An official website of the United States government

Official websites use .gov
A .gov website belongs to an official government organization in the United States.

Secure .gov websites use HTTPS
A lock ( ) or https:// means you’ve safely connected to the .gov website. Share sensitive information only on official, secure websites.

Express Interest in Working With CAISI

Over the coming months, the Center for AI Standards and Innovation (CAISI), at the National Institute for Standards and Technology (NIST), will be engaging a wide range of AI experts to help us deliver on America’s AI Action Plan.

CAISI is leading a number of exciting initiatives and will be offering multiple ways to get involved (e.g., federal hiring, guest researcher arrangements, non-profit collaborations). This page presents some of those initiatives and a way for you to express interest in working with us.

About CAISI

CAISI works within NIST at the Department of Commerce, and has been designated by Secretary of Commerce Howard Lutnick to serve as industry’s primary point of contact within the U.S. government for testing and research on frontier AI.  Under President Trump’s AI Action Plan, CAISI received seventeen taskings spanning AI security research, national security evaluations, analysis of global AI competition, measurement science, interagency coordination on AI, and developing voluntary standards.

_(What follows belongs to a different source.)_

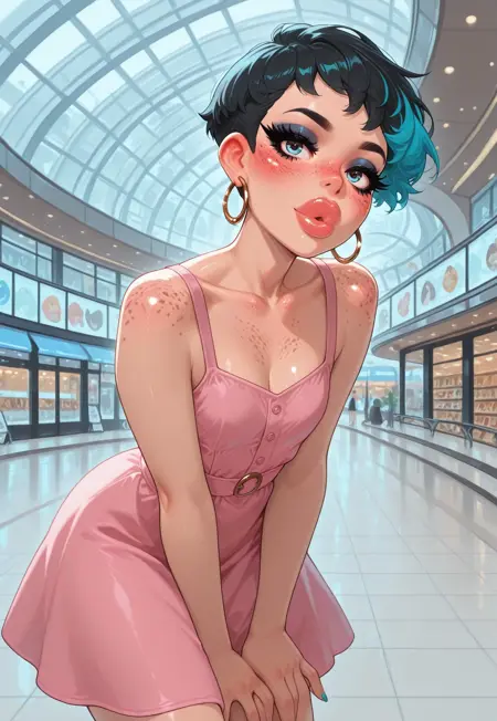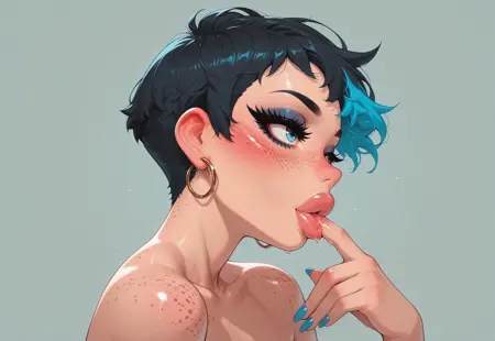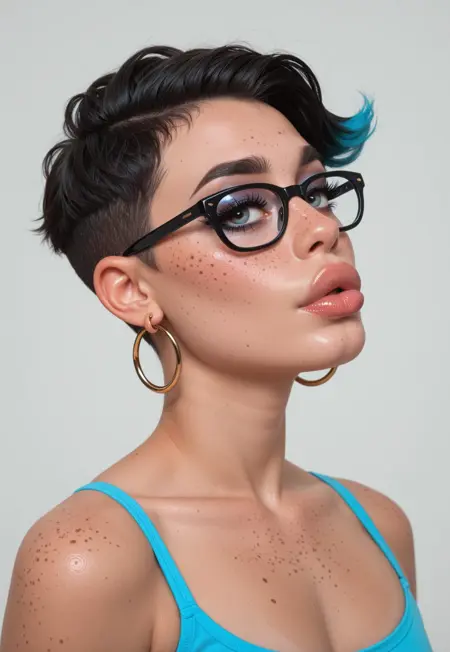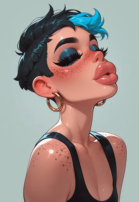 提示:dolly_prime, 1girl, femboy, 雀斑, 圆环耳环, 短发, 黑发配[颜色]挑染, 傻妞嘴唇, 长睫毛, 眼影,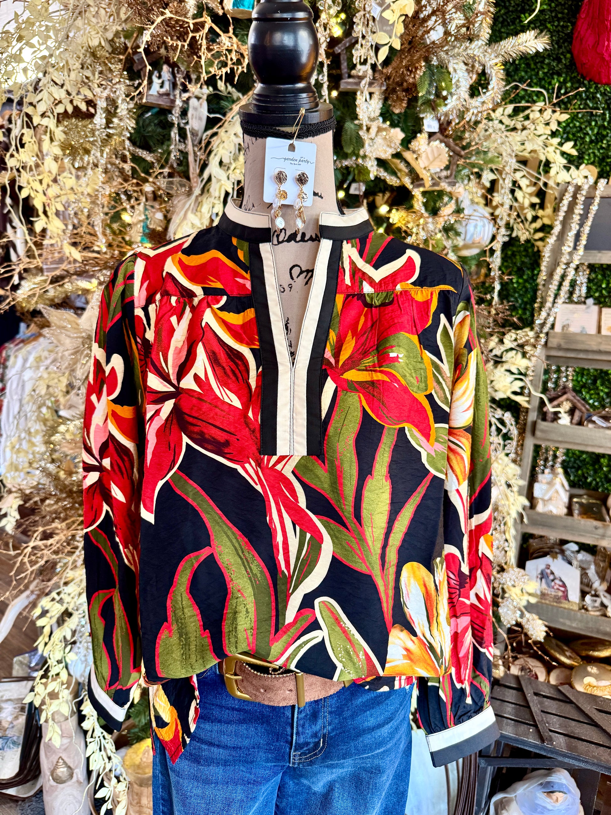 Introducing the Winnie Top from Jodifl—a charming long sleeve floral design that brings effortless elegance to your everyday wardrobe. The delicate floral pattern is beautifully balanced with solid contrast detailing, creating visual interest and versatility. The distinctive standing neckline adds a polished, modern touch that elevates any outfit. Perfect for layering or wearing solo, this piece transitions seamlessly from season to season. Discover why the Winnie Top is the go-to choice for those who appreciate quality craftsmanship and timeless style.

Leading AI companies partner with CAISI on a voluntary basis for support in evaluating their most capable models prior to deployment. CAISI also maintains close partnerships across the federal government, including the intelligence community, and has built a premier reputation within the U.S. government.

Example Initiatives

In line with taskings from Secretary Lutnick and the AI Action Plan, example initiatives include:

  • AI security: Measuring and improving the security of AI systems.
    • Assessing susceptibility to attacks such as prompt injections and jailbreaks, and the feasibility of backdoor detection
    • Manual and automated red-teaming of AI agent systems
    • Technical work and writing to support development of AI security guidelines
  • Guidelines and voluntary standards: Developing useful resources for the AI industry and government agencies, on topics including:
    • The security and robustness of AI systems and mitigating potential vulnerabilities when deploying AI agents
    • Ensuring that AI evaluations are informative and reproducible
  • AI capability evaluations in cyber, chemistry, and biology: Developing, running, and interpreting evaluations in order to understand impacts on national security.
    • Cyber: automated and human-assisted evaluation of capabilities for vulnerability research, exploit development, and cyber workflow automation
    • Biology: evaluation of computational chemical and biological capabilities, including biomolecular prediction and design
    • Collaborating with subject matter experts within government, AI industry, and AI evaluators to improve measurement methodologies
  • Assessing the state of AI: Producing reports, briefings, and memos on the AI landscape including:
    • Overall assessments of US and foreign AI capabilities and how those capabilities may evolve
    • Evaluations of general capabilities and their impacts on national security
    • Measuring foreign political bias in models
  • Advancing measurement science: Developing improved methods for rigorously evaluating AI system characteristics (e.g., capabilities, functionality, and reliability).
    • Assessing practices for automated scoring (e.g., LLM-as-judge)
    • Vetting measurement instruments, such as benchmarks, for statistical validity
    • Building a comprehensive, technical report on rigorous uncertainty estimation leveraging statistical models
  • Measurement in application: Multidisciplinary measurement of AI systems in real-world settings, in application or post-deployment.
    • Uplift studies to measure AI-driven productivity across a range of tasks
    • Comparison field testing to gather user preferences on AI systems in real workflows

Location

CAISI operates offices located in downtown San Francisco and Washington, D.C. We offer flexible working hours and a comprehensive Federal benefits program.

What CAISI looks for

CAISI operates as a startup within government, focused on impact in the national interest.

We’re seeking:

  • Technical excellence: software engineers, AI research engineers, and AI research scientists
  • Domain expertise: cyber experts, biosecurity experts, computational and structural biologists
  • Scientific rigor: experienced researchers with expertise in methods for measurement and validation of AI systems in real settings
  • Other talent with a passion for AI: if you think there’s a chance you might be a good fit for working with CAISI, please do register interest.

Get in touch

Register your interest using this short form.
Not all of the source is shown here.